Don Phillips offers still another reason for the popularity of mutual funds: consumerism. “The mutual fund industry takes saving, something our generation of Americans has been pretty bad at in recent years, and dresses it as the one thing we have a real genius for: spending,” says Phillips. “The one thing our generation needs to do more is save, and funds make it easy to do so. Unlike stocks, mutual funds are sold in flat dollar amounts. . . . Investors get statements each month which show their account balances, and they get brand names.” These days many funds are marketed in much the same way as resorts and cars are, with ads touting good “performance” and with slick brochures showing active, attractive young models enjoying the good life.

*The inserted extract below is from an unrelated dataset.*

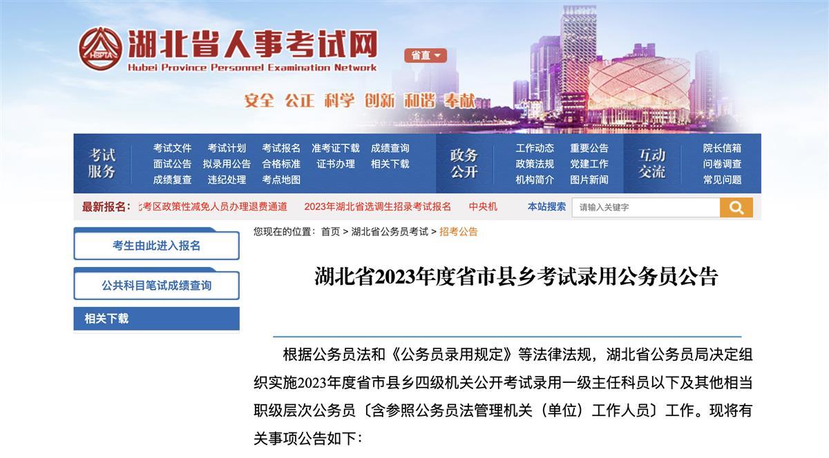 湖北日报讯(记者李婷)湖北省2023年度省市县乡考试录用公务员报名即将开始,共计划招录11268人。考生可于1月10日9:00至1月16日17:00期间登录“湖北省人事考试网”进行网上报名。公共科目笔试时间为2月25日,公安专业科目考试和综合知识测试时间为2月26日。笔试主考区设在武汉市,各市(州)、直管市、神农架林区设置分考区。

The Fidelity group, parent of 156 funds, recently launched Worth, a handsome magazine that presents sophisticated financial advice in a layout and prose style resembling a popular life-style magazine. Ads for Italian clothes are sandwiched in between those for mutual fund families. The effect is something like a GQ for money. Selected Funds, a Chicago-based group of funds, runs ads in Gourmet and on WFMT, offering its services for people who’d rather invest money than time. It’s practically an invitation to buy on impulse.

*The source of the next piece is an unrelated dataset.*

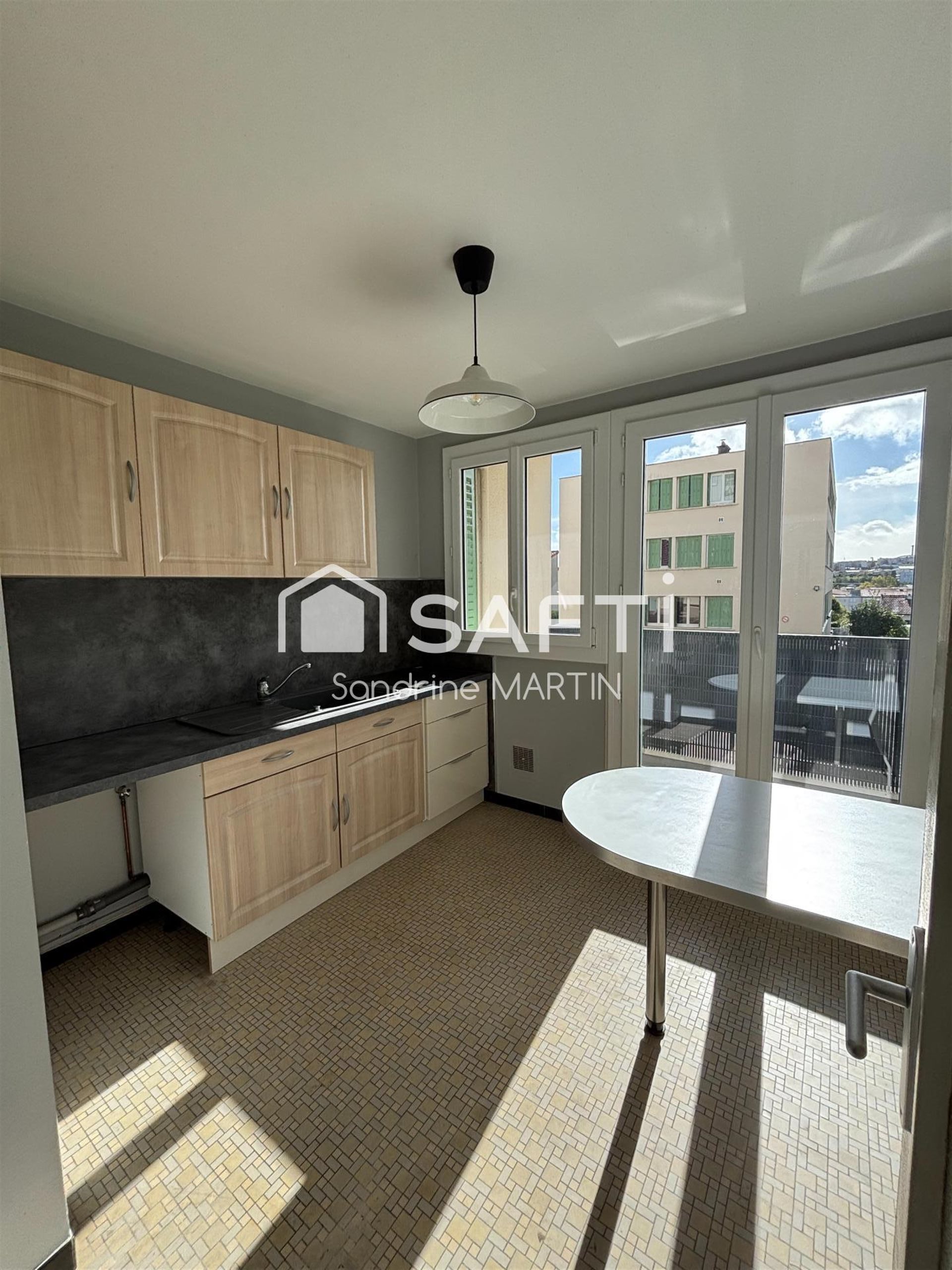 Situé rue Anatole France, à deux pas des commerces, transports et écoles, je vous présente ce très bel appartement T3 d'une superficie de 63m2 habitable au Rdc surélevé ( 4 marches seulement). Il se compose d'une entrée avec placard dressing, 1 cuisine aménagée avec balcon sur cour, 1 double séjour avec accès à sa véranda et stores électriques, 1 salle de bain, 1 wc séparé et 1 grande chambre avec dressing. Deux caves complètent ce bien. Nombreux stationnements gratuits dans la résidence. Fenêtres Pvc double vitrage. Pas de travaux ! Le bien comprend 3 lots, et il est situé dans une copropriété de 95 lots (les charges courantes annuelles moyennes de copropriété sont de 1900 € et le syndicat des copropriétaires ne fait pas l'objet d'une procédure citée à l'article L. 721-1 du code de la construction et de l'habitation). Les informations sur les risques auxquels ce bien est exposé sont disponibles sur le site Géorisques : Prix de vente : 108 000 € Honoraires charge vendeur Contactez votre conseiller Safti : Sandrine Martin, Tél. : , E-mail : - Ei - Agent commercial immatriculé au Rsac de Clermont-Ferrand sous le numéro 891 326 837

There was information on funds available before Morningstar came along, but it was scattered and comparatively superficial. One can learn a great deal about funds from the periodic reports and prospectuses they are required to publish, but to get those publications one must request them individually or already own the funds. Consumer investment magazines like Money have long recommended and profiled funds, but only sketchily as part of periodic surveys of top performing funds. Probably the best one-stop source for information was the Guide to No-Load Mutual Funds, published by an investor-run organization, the American Association of Individual Investors (AAII), but it does not cover load funds, appears only annually, is less detailed and less comprehensive than Morningstar, and until recently did not have an independent data base against which to measure funds’ claims about their performance and risk levels. In October of 1991 Kiplinger’s Personal Finance magazine rated the AAII’s guide as the best low-cost guide for average investors, but in doing so it put MMF in a class by itself. AAII’s publications now reflect revisions inspired by Morningstar.